К делам дипломатическим Раковского не подпускали, поэтому он пребывал в полнейшем недоумении. «Где наркомздрав – и где Япония? Почему туда еду я, а не нарком?» – думал он.
Прояснилось это довольно быстро, в том самом Доме союзов, где проходил судебный процесс над правотроцкистским блоком, активным участником которого, кроме Бухарина, Рыкова и многих других, был Христиан Раковский. Тогда его объявили английским шпионом – это потому, что был полпредом в Лондоне, и японским шпионом – потому что ездил туда с делегацией. Так и хочется спросить: не специально или его посылали в Японию, чтобы затем пришить обвинение в шпионаже?
Об обвинениях в троцкизме и говорить не приходится: похвально-восторженные статьи Троцкого о «друге, человеке и борце» были у всех на слуху.
Восемь месяцев шло следствие, восемь месяцев Раковский не признавал себя виновным, а потом попросил карандаш и нацарапал ту самую записку, в которой требовал пересмотра своего дела и обещал рассказать, как «стряпают» дурные дела… Судя по всему, после этого он попал в руки заплечных дел мастеров: на суде его было не узнать. Но вот что больше всего поразило: в последнем слове Раковский признал себя виновным буквально во всем. И закончил свою речь весьма загадочно.
– Считаю долгом, – сказал он, – помочь своим признанием борьбе против фашизма.
При чем тут фашизм? Как его признание может помочь этой борьбе?

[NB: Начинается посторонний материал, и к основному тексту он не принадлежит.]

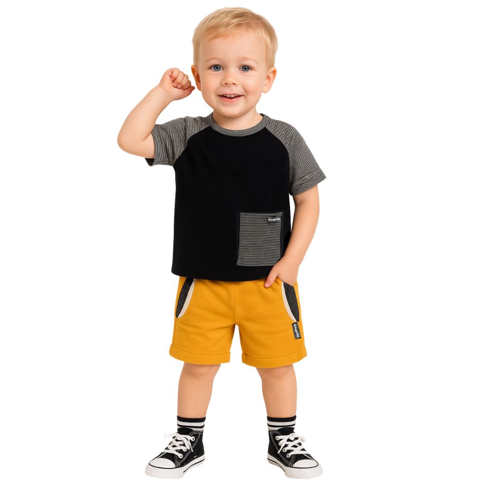 Conjunto infantil moderno e confortável, com camiseta em malha de algodão preta com detalhe listrado e bolsinho frontal, combinando com bermuda mostarda com recortes contrastantes e bolsos funcionais. Estilo e liberdade para brincar com conforto o dia todo!Camiseta em malha de algodão com bolso decorativo;

Чем может повредить Гитлеру его покаянное заявление о том, что является англо-японским шпионом и стремился к свержению существующего в СССР строя? Понять это невозможно… Единственное более или менее разумное объяснение – обещание более мягкого приговора. Так оно, впрочем, и случилось. Раковскому дали не «вышку», а 20 лет лишения свободы, бросив в печально известный Орловский централ.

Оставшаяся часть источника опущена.